— Ой ты, бабоньки… то ж такое деется… ты поглянь на кудлатенького… ишь ты…
Лойко не пляшет, красуется, наших, барсуковских, стало быть, удалью дразнит. И кабы не особая ночь, когда кровь лить неможно, дошло бы дело до драки. А так… пляшуть, только искры из-под сапог летять. И девки хоровод закружили… бабы головами качают, завтре будет пересудов на месяц, а то и болей…
…А и пускай.
Танец… что в нем дурного-то?
А ног не чую.
Пальцы Ареевы на моей руке горячи так, что еще немного, и вспыхну… и уже полыхаю, верно, щеками, ушами… и видят все это, да только ныне мне до всех дела нету.
Только Арея и вижу.
Глаза его черные, что уголья.
И глядит хмуро, серьезно… от этого взгляду сердце обрывается. А и вправду, потянула в круг… может, и не хотел он идти, а если и хотел, то не со мною.
Кто я?
Чужая невеста… он знает, что не всерьез это… да и сам говорил, что… году не минет, и уйдет Арей своею вольною дорогой. Мне ли ему руки вязать?
Хорошо, если вспомнит про меня.
А может, хорошо, если не вспомнит.
Но это еще когда будет, а потому гоню мысли дурные… кыш, воронье, кыш… пусть будет хоть бы этот танец, на ложках, на гуслях хворых с драными струнами, которые дядька Панас который год поправить грозится, да только дорогие на ярмарке струны.
И забываются гусли.
Выдохнула, когда оборвалась музыка.
И холодом потянуло в раскрытую дверь… и тенью, черною, страшною, вступила на порог девка простоволосая да в споднем одном.

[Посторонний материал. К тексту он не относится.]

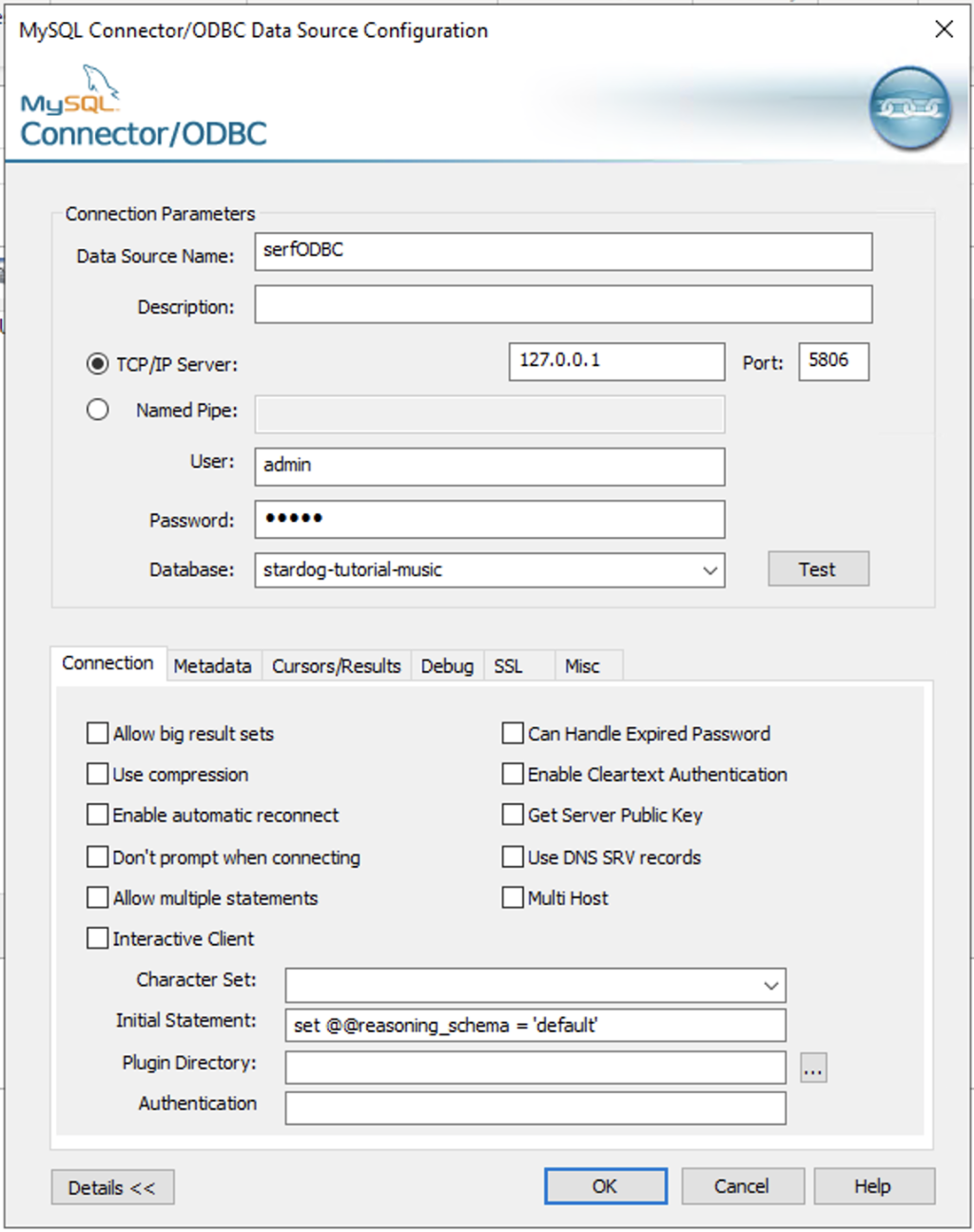 sessionVariablesoption can be set on a MySQL Connector/J (JDBC) connection. This can be added directly to the connection URL, e.g.jdbc:mysql://localhost:5806/db?sessionVariables=reasoning_schema='default'. - The Tableau MySQL connection dialog has an option in the bottom left called

Видела я ясно белое лицо ее, и черные полосы, что легли на щеках.
Видела шею.
И разодранный ворот.
Грудь в нем белесую с синими прожилками.
Видела рану под грудью, которую девка рукой зажимала. Не из наших она была… и когда, покачнувшись, стала заваливаться в хату, Арей отмер.
Выдернул меня, за спину запихал…
— Илья, круг веди… всех назад… Зослава, щит вяжи! И поскорей…
Щит… Я руки подняла, хотела быстро, да воздух сделался, что кисель, тягостный, гнилой. И не вдохнуть, и не выдохнуть. Смертью пахнуло… и кто-то заплакал, от слез этих я очнулася.
Щит!
Тот, который вязала…
Девка скреблась на пороге, силясь перевалиться, тянула бледные руки… выли бабы… а следом за белым плечом, вывернутым, что коряга, уже иная тень выросла.
Не на тени глядеть надобно.
Вовсе о них думать не след, пускай себе… Архип Полуэктович говаривал, что главное — сосредоточиться на деле. А дело у меня какое? Щит сотворить…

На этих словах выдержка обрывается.